> [Task goal]:
Reproduce the records below exactly, leaving their images out.

Data entries:
· · ·

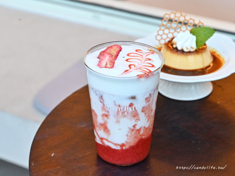 這杯草莓歐蕾也太美了吧!最底層是店家自製草莓醬,搭配鮮乳坊鮮奶,甜度是固定的,喝之前記得攪拌均勻,酸甜滋味交織著濃濃奶香,如果平時喝無糖的朋友,這杯可能會覺得偏甜了些
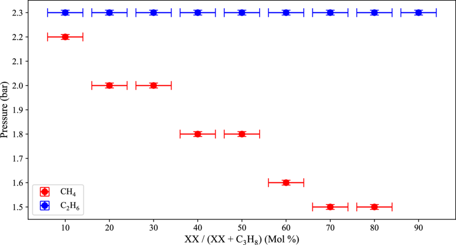 Pressure of the second liquid formation at 85 K for CH4 (red) and C2H6 (blue) mixtures for each tested composition, where XX is the mole fraction of either CH4 or C2H6. Note that for 90/10 CH4/C3H8 there was no second liquid at 85 K.
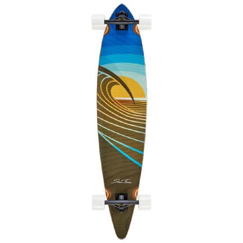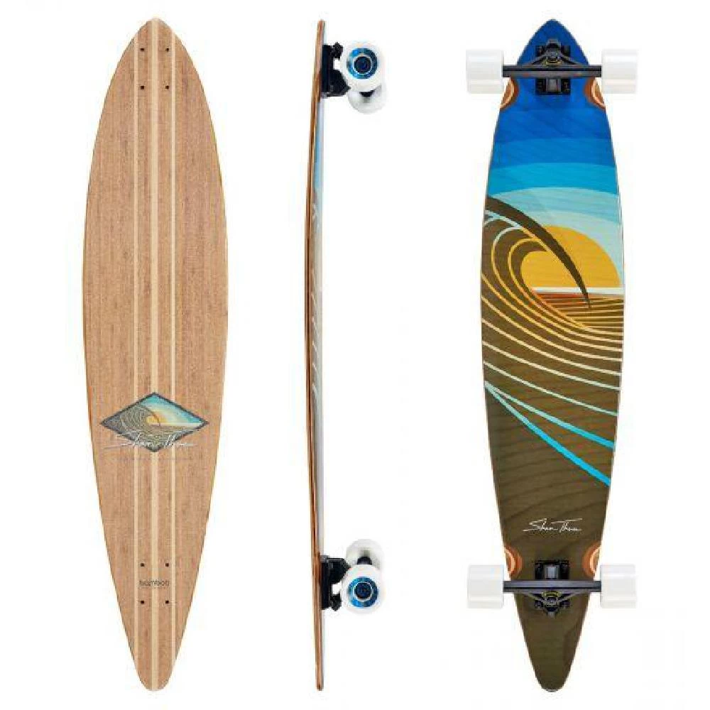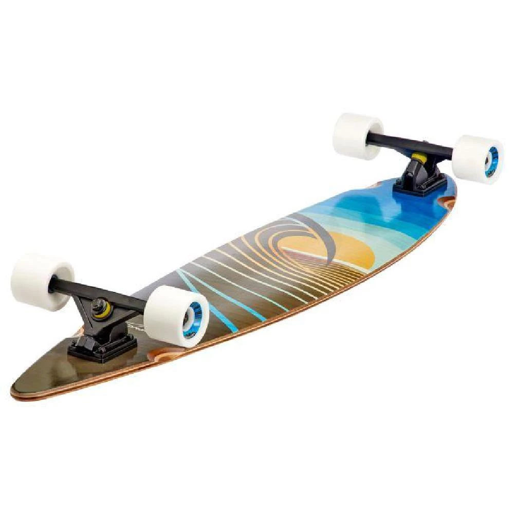 The Peak longboard is equipped with wheel wells and showcases a stunning sunset graphic on a natural board, complemented by white undertow wheels. This complete longboard setup arrives ready to ride, so you can hit the streets in no time. The bamboo inlay not only adds durability, but also contributes to a unique aesthetic. Ideal for cruising, carving, and commuting, this Pintail Sunset Peak longboard is a fantastic choice for those seeking an enjoyable and reliable ride with an added touch of elegance.
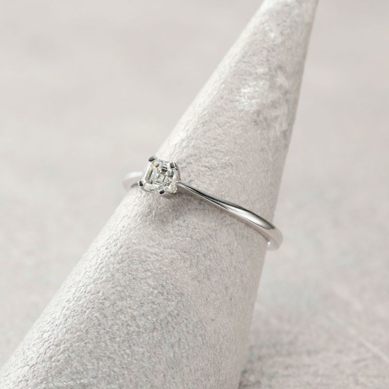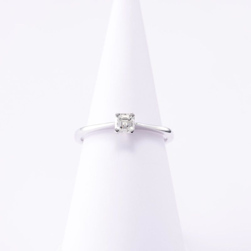 エメラルドカットのダイヤモンドをリングを1石留めたシンプルなリングです。エメラルドカット特有の、強い光を楽しんで頂けます。大きなダイヤモンドは、存在感があり末永く使っていただけるリングです。
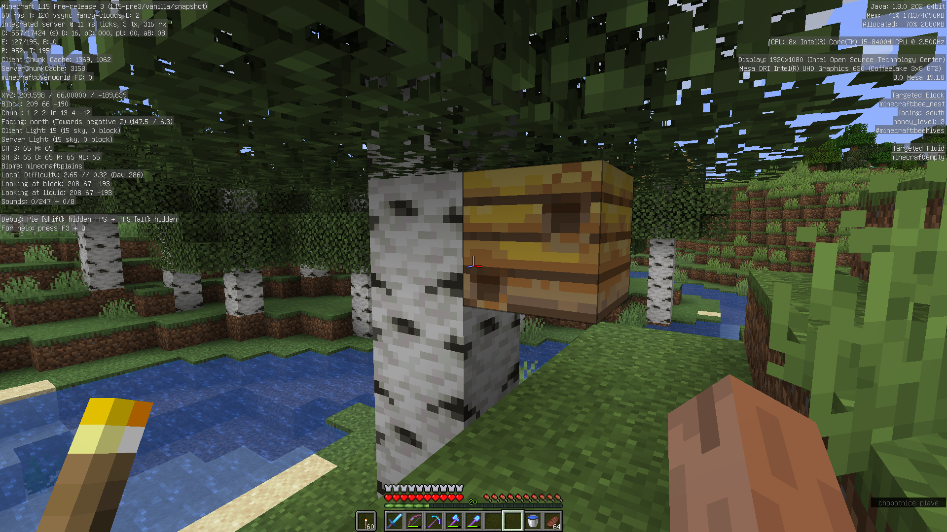 In my 1.15 test world I have two nests near to my base. In pre1 was bug MC-165173 fixed and bees finally start produce honey. But after upgrade to pre2 and later on to pre3, honey production stopped again and I can't see single bee in the world. I don't know, if they vanished or are in the nest.

· · ·

> [Response]:
 這杯草莓歐蕾也太美了吧!最底層是店家自製草莓醬,搭配鮮乳坊鮮奶,甜度是固定的,喝之前記得攪拌均勻,酸甜滋味交織著濃濃奶香,如果平時喝無糖的朋友,這杯可能會覺得偏甜了些
 Pressure of the second liquid formation at 85 K for CH4 (red) and C2H6 (blue) mixtures for each tested composition, where XX is the mole fraction of either CH4 or C2H6. Note that for 90/10 CH4/C3H8 there was no second liquid at 85 K.
 The Peak longboard is equipped with wheel wells and showcases a stunning sunset graphic on a natural board, complemented by white undertow wheels. This complete longboard setup arrives ready to ride, so you can hit the streets in no time. The bamboo inlay not only adds durability, but also contributes to a unique aesthetic. Ideal for cruising, carving, and commuting, this Pintail Sunset Peak longboard is a fantastic choice for those seeking an enjoyable and reliable ride with an added touch of elegance.
 エメラルドカットのダイヤモンドをリングを1石留めたシンプルなリングです。エメラルドカット特有の、強い光を楽しんで頂けます。大きなダイヤモンドは、存在感があり末永く使っていただけるリングです。
 In my 1.15 test world I have two nests near to my base. In pre1 was bug MC-165173 fixed and bees finally start produce honey. But after upgrade to pre2 and later on to pre3, honey production stopped again and I can't see single bee in the world. I don't know, if they vanished or are in the nest.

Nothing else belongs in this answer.